[Spambayes] RE: For the bold

Tim Peters tim.one@comcast.net
Sun, 06 Oct 2002 02:14:15 -0400


[Rob Hooft]
>...
> Appended is a pdf containing six histograms made using
> max_discriminators=55
>
> The first one is zham for all ham messages. As you can see, the
> distribution is asymmetric. Furthermore, a simple average and standard
> deviation calculation results in a bell curve that does not follow the
> important tail of the histogram: the chances will be severely
> underestimated by these parameters.

Two things.  First, the raw spam score (smean) of a msg is the natural log
of the geometric mean of the extreme-word spamprobs.  This statistic can
never be positive, has no theoretical bound on how low it can go, and is
typically a small negative number, around -0.12.  It's simply impossible to
get a raw score "much larger" (much more positive) than that, but easy to
get one much smaller (much more negative), so I think the asymmetry is
inevitable.

The raw ham score (hmean) is similar, but uses the log of the geometric mean
of 1-prob, and is typically farther away from 0.0, nearer -0.33.  That gives
more room for larger scores to exist (remember that it can never be
positive!), and I expect that's why the first stab at fitting a bell curve
to the ham worked better than for the spam, despite that both were poor
fits.

All this may well be why the original use_central_limit scheme (which uses
the straight mean of the word spamprobs -- no logs, no geometric means, no
two-way prob vs 1-prob scoring) worked better for me under your scheme in my
tests:  that's got no fundamental reason (as far as I can see) to be *so*
lopsided; indeed, the mean and median of hmean are very close under
use_central_limit, and likewise for smean.  This isn't true under the other
central limit schemes.  They're still lopsided, though; here from an
original central limit run:

ham ham mean: 6000 items; mean 0.18; sdev 0.09
-> <stat> min 0.00620435; median 0.183251; max 0.840666

spam spam mean: 6000 items; mean 0.93; sdev 0.07
-> <stat> min 0.486362; median 0.950825; max 0.996632

The ham mean can't get below 0 under that scheme, and 0 is just two sdevs
away from the ham-mean mean ~= the ham-mean median.

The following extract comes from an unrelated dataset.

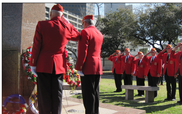
Marine Corps League, McLemore Detachment renders honors at the annual remembrance of the sinking of USS Houston (CA 30), held March 6th at the USS Houston Monument in Sam Houston Park.

The spam mean can't get above 1.0 under that scheme, and 1.0 is just one
sdev removed the spam-mean mean ~= (but less so) the spam-mean median.  So
here again, fitting the ham in a bell curve is easier than fitting the spam.


Second, there's no real justification for the way zscores are computed in
the classifier code now.  You may get better results if you ignore the
zscores in the pickle, and work directly with the raw hmean and smean scores
instead (which are also in the binary pickle saved by clgen).  They're the
actual data here, and the zscores are a distorted version that factor in n
(the number of extreme words) in a way that doesn't make real sense.  Note
that n is also in the clgen pickle tuples:  all the relevant info is there,
except for the individual word probabilities used.

> The second one is abs(zham) for all ham messages. The bell curve fits
> this histogram much better!

Since use_central_limit2 and use_central_limit3 produce inherently and
highly lopsided distributions, I think that makes good sense.